При бесспорном автобиографизме Марселя в Поисках, при величайшей исповедальности романа полное отождествление "двух Марселей" вряд ли необходимо и оправдано. Во-первых, Марсель-герой отличается от Марселя-автора тем мифом, о котором уже шла речь и которым автор прятал многие тайны собственной души, не подлежащие всеобщему обозрению. Во-вторых, реальная жизнь автора была во многом иной, с иным "подпольем" и иными конкретными обстоятельствами.
Выходец из зажиточной буржуазной семьи потомственных торговцев, обосновавшихся в Иллье еще в XVI веке, сын удачливого врача, получившего образование в Сорбонне, женившегося в 1870-м на дочери богатого еврейского банкира — Жанне Вейль, Марсель Пруст без особого труда вошел в самые высокие круги парижского света: титулованные пациенты известного доктора Адриена Пруста, связи банкиров Вейлей и обычаи дома "тетки Леонии" стали тому порукой.

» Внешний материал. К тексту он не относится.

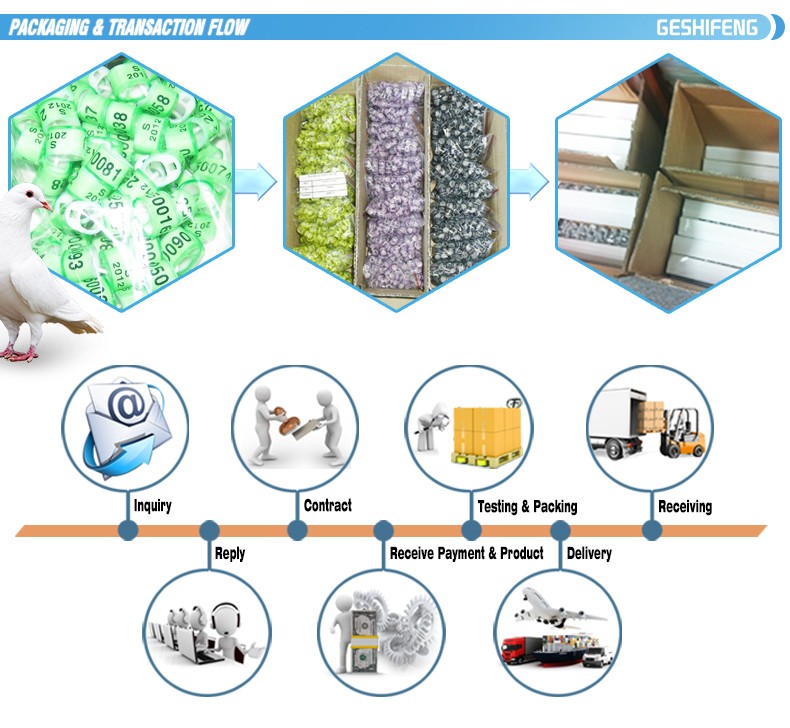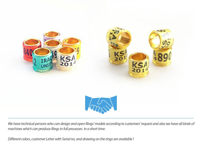 We manufacture a wide range of custom printed dove rings, bird rings and doves, exporting bird accessories to Belgium, Netherlands, Germany, France, USA, Japan, Egypt and other countries.
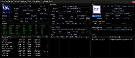 | Lenovo Yoga Slim 7 Ultra 14IPH11 Intel Core Ultra 7 355 ⎘ Intel Graphics 4 Xe3 Panther Lake iGPU ⎘ 32 GB Memória, 1024 GB SSD | Amazon: List Price: 1700 USD | 978 g | 13.9 mm | 14.00" 2880x1800 243 PPI OLED | |

Впрочем, Марсель никогда не "выпячивался", "знал свое место" и тому было множество причин: "сомнительное происхождение", "подполье", интровертированность, созерцательное отношение к жизни. Он высоко ценил дружбу с сиятельными особами, был искренне предан приятелям, но всегда оставался отстраненным наблюдателем, губкой, жадно впитывающей впечатления, но не "душой" общества, тем более не выскочкой или заводилой, рвущимся вперед.
Это была жизнь, насыщенная прежде всего эстетическими впечатлениями, радостями, наслаждениями: театр, концерты, музеи и выставки, и как бы рожденное музыкой, живописью, литературой, ими продиктованное и ими поверяемое общение с природой.
Здесь наиболее важно то, что годы внешне праздной жизни Марселя не прошли даром: это был подготовительный период накопления впечатлений, поглощения видимого, необходимого для следующего творческого этапа, самим Прустом определенного как "сознание, что ему предстоит заглянуть далеко за пределы видимого".
Автобиографичность и психоаналитичность Жана Сантея представляют нам возможность проследить формирование характера и особенности психического склада его автора — крайнюю степень эгоцентричности, неуравновешенности, безрассудства, подверженности приступам немотивированной ярости, стремления любой ценой и немедленно удовлетворить желание момента…
Вспыльчивый деспотичный подросток из "Жана Сантея", непочтительный и грубый с родителями, если они ему не угодили, — смягчается в "Сване" и последующих книгах; рассказчик остается таким же чувствительным, но теперь он более сдержан и, даже описывая неуравновешенность, сохраняет спокойствие, которого не хватало герою (и автору) "Жана Сантея".
Но чуткость юного деспота, видимо, подсказывает ему в нужный момент красивые слова и жесты — домашнего тирана любят. А он нуждается в любви или хотя бы — в нежной заботе. В "Жане Сантее" Пруст не всегда правильно рассчитывает время, необходимое в романе для достижения того, чего он в жизни добивался от других своим обаянием.
Этот свойственный многим детям синтез напора и обаяния, эгоизма и любви, тирании и нежности не кажется противоестественным, хотя в данном случае принимает гипертрофированные формы. Марсель склонен к жестокости, даже садизму, но — вопреки всем этическим императивам — его сердце отличается нежностью и добротой. Мы не любим признавать правды жизни: что экзальтация может быть внешним проявлением эгоизма, а за любовью к своему народу и всему человечеству нередко прячется глубоко затаенная некрофилия. У юного Марселя было нежное, доброе, чувствительное сердце, требующее любви и в этом своем вожделении доходящее до крайних степеней деспотии и… граничащее с расточительностью щедрости.